Belum Terbitnya RKAB 2026 Memicu Kekhawatiran terhadap Kelangsungan Penyerapan Bijih Timah di Belitung

1780492721670

Pelaku Usaha dan Masyarakat Menanti Kepastian Regulasi dari Kementerian ESDM

Thank you for reading this post, don't forget to subscribe!

BELITUNG, NYARINGINDONESIA.COM — PT Timah di wilayah kerja Kepulauan Belitung saat ini masih menunggu keputusan dari Kementerian Energi dan Sumber Daya Mineral (ESDM) terkait persetujuan Rencana Kerja dan Anggaran Biaya (RKAB) tahun 2026 yang hingga kini belum diterbitkan.

Di tengah ketidakpastian tersebut, muncul gejolak di masyarakat yang cenderung mengarah pada persepsi negatif terhadap PT Timah. Pasalnya, perusahaan pelat merah tersebut selama ini menjadi satu-satunya pihak yang menyerap dan membeli bijih timah dari para penambang dan mitra usaha di wilayah Belitung.

Menurut isu yang beredar, secara kemampuan operasional dan finansial, PT Timah dinilai masih mampu menyerap hasil tambang bijih timah serta melakukan pembayaran kepada para mitra.

Namun, karena belum adanya kepastian terkait RKAB 2026, PT Timah Belitung dikabarkan melakukan penghentian sementara pengiriman bijih timah dari mitra maupun perusahaan rekanan (CV).

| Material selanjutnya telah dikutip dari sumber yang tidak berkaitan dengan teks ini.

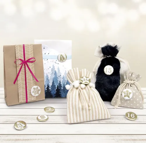Mit den Buttons lässt sich spielend leicht ein individueller Adventskalender zaubern, die Buttons sind aus Blech und in unterschiedlichen Designs gestaltet und lassen sich mit der Ansteck-Sicherheitsnadel ganz einfach an unterschiedlichsten Materialien befestigen, dadurch können Sie im Handumdrehen Beutelchen und Geschenke nummerieren und verleihen damit ein schicken und kreativen Touch.

Salah satu masayarakat penambang, yang berinisial “ON” mengaku khawatir akan menimbulkan dampak berantai hingga ke tingkat bawah.

Selain memengaruhi para mitra usaha, kebijakan penghentian pengiriman juga berpotensi berdampak pada para kolektor yang selama ini berperan membantu penyerapan bijih timah dari masyarakat. Bahkan penambang aktif di dalam Iup PT Timah SPK Mitra CV juga akan ikut merasakan.

“Jika situasi tersebut berlangsung dalam waktu yang lama, dampaknya tidak hanya dirasakan oleh pelaku usaha pertambangan, tetapi juga dapat memicu persoalan sosial yang lebih luas di tengah masyarakat yang menggantungkan penghasilannya pada sektor pertimahan,” tandasnya. Rabu (03/06/2026)

Masyarakat dan pelaku usaha kini berharap pemerintah segera memberikan kepastian terkait RKAB 2026 agar aktivitas penyerapan dan distribusi bijih timah dapat kembali berjalan normal serta menghindari dampak ekonomi dan sosial yang lebih besar.